Os casos de Fake News destroem vidas há muito tempo. O “Caso CHOQUEI” que está em debate no momento, trouxe um questionamento e um estopim a tona, como controlar a criação e o espalhamento de informações falsas na internet?

Dois casos antigos de fake news voltaram a repercutir na internet, um de 2009 de Luiz Alves de Lima, que passou nove meses preso, perdeu a visão e a guarda da filha após ser acusado injustamente de pedofilia pelo senador Magno Malta; e da jovem Fabiane de Jesus, ocorrido em 2014, espancada até a morte por populares que acreditavam que ela era procurada pela polícia por praticar magia negra. Tudo não passava de Fake News.

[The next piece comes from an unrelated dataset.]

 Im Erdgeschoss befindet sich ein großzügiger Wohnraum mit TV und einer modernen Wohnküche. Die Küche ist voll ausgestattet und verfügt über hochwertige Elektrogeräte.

Este foi apenas um caso em que a Fake News destruiu uma vida. O termo “fake news” ainda não era conhecido e utilizado, mas a prática é antiga. Luiz foi inocentado e acusou o senador da república de tortura por ter se utilizado do caso para promoção pessoal durante a CPI em que presidia.
O ex-cobrador de ônibus Luiz Alves de Lima, preso depois de ter sido acusado por Magno Malta de estuprar a própria filha de 2 anos, foi inocentado e agora denuncia o ex-senador por tortura.

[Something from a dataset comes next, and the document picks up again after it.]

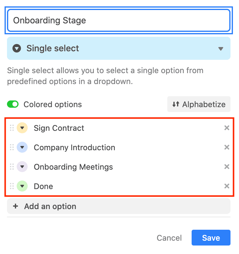 In this database, we have a field called “Onboarding Stage”, with four different options to pick from. Each one of these indicates the status of each new hire.

A reportagem feita pelo jornal Século Diário, do Espírito Santo, revela todos os detalhes desse caso que aconteceu em 2009. O ex-cobrador diz ter sido usado politicamente como bode expiatório para dar notoriedade a Magno Malta. Na época, Malta presidia a CPI da Pedofilia e ganhou destaque na mídia por descobrir o caso e punir o ex-cobrador.
A reportagem feita pelo jornal Século Diário, do Espírito Santo, revela todos os detalhes desse caso que aconteceu em 2009. O ex-cobrador diz ter sido usado politicamente como bode expiatório para dar notoriedade a Magno Malta. Na época, Malta presidia a CPI da Pedofilia e ganhou destaque na mídia por descobrir o caso e punir o ex-cobrador.

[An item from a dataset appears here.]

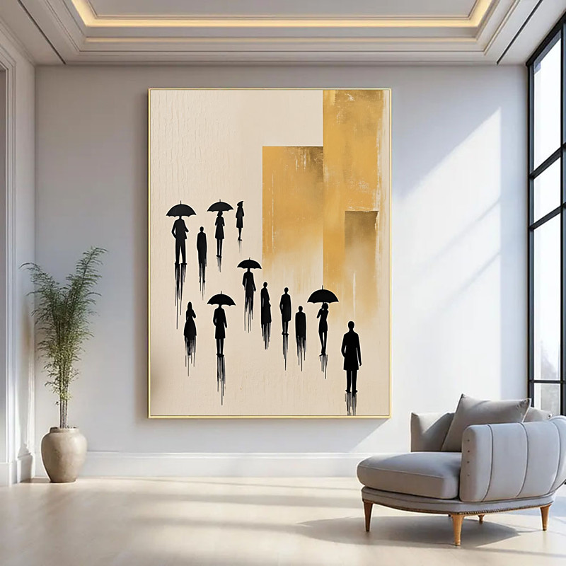 New Art Hand Painted High-Q Gold Foil City Abstract Oil Painting On Canvas People Walking in Rain Home Decor Wall Pictures Modern Picture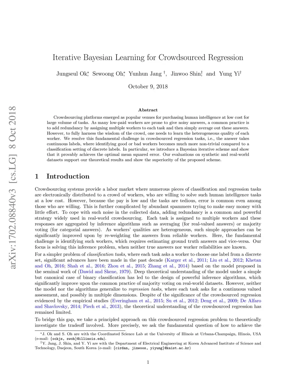 Crowdsourcing platforms emerged as popular venues for purchasing human intelligence at low cost for large volumes of tasks. As many low-paid workers are prone to give noisy answers, one of the fundamental questions is how to identify more reliable workers and exploit this heterogeneity to infer the true answers accurately. Despite significant research efforts for classification tasks with discrete answers, little attention has been paid to regression tasks with continuous answers. The popular Dawid-Skene model for discrete answers has the algorithmic and mathematical simplicity in relation to low-rank structures. But it does not generalize for continuous valued answers. To this end, we introduce a new probabilistic model for crowdsourced regression capturing the heterogeneity of the workers, generalizing the Dawid-Skene model to the continuous domain. We design a message-passing algorithm for Bayesian inference inspired by the popular belief propagation algorithm. We showcase its performance first by proving that it achieves a near optimal mean squared error by comparing it to an oracle estimator. Asymptotically, we can provide a tighter analysis showing that the proposed algorithm achieves the exact optimal performance. We next show synthetic experiments confirming our theoretical predictions. As a practical application, we further emulate a crowdsourcing system reproducing PASCAL visual object classes datasets and show that de-noising the crowdsourced data from the proposed scheme can significantly improve the performance for the vision task.

Ao jornal, o ex-cobrador conta que, durante os nove meses que passou no Centro de Detenção Provisória de Cariacica (CPDC), foi torturado até quase ser morto. Além de surras, ele foi submetido à asfixia com sacola, a choques elétricos no órgão genital e teve dentes arrancados com alicate.
Como consequência das torturas, Luiz ficou cego de um olho e perdeu a visão parcial do outro. Segundo ele, a tortura teve participação de delegados da Polícia Civil e era presidida pelo próprio senador Magno Malta.
Luiz Alves foi declarado inocente e posteriormente solto depois de a perícia concluir que a filha dele era virgem.
Em 2014, na periferia do Guarujá, São Paulo, outro caso de Fake News chocou o Brasil e levou Fabiane Maria de Jesus a morte.
Fabiane Maria de Jesus, 33 anos, foi espancada e morte em Guarujá, SP, vítima de uma confusão trágica. Boatos em redes sociais a acusaram de praticar magia negra com crianças, desencadeando um linchamento brutal.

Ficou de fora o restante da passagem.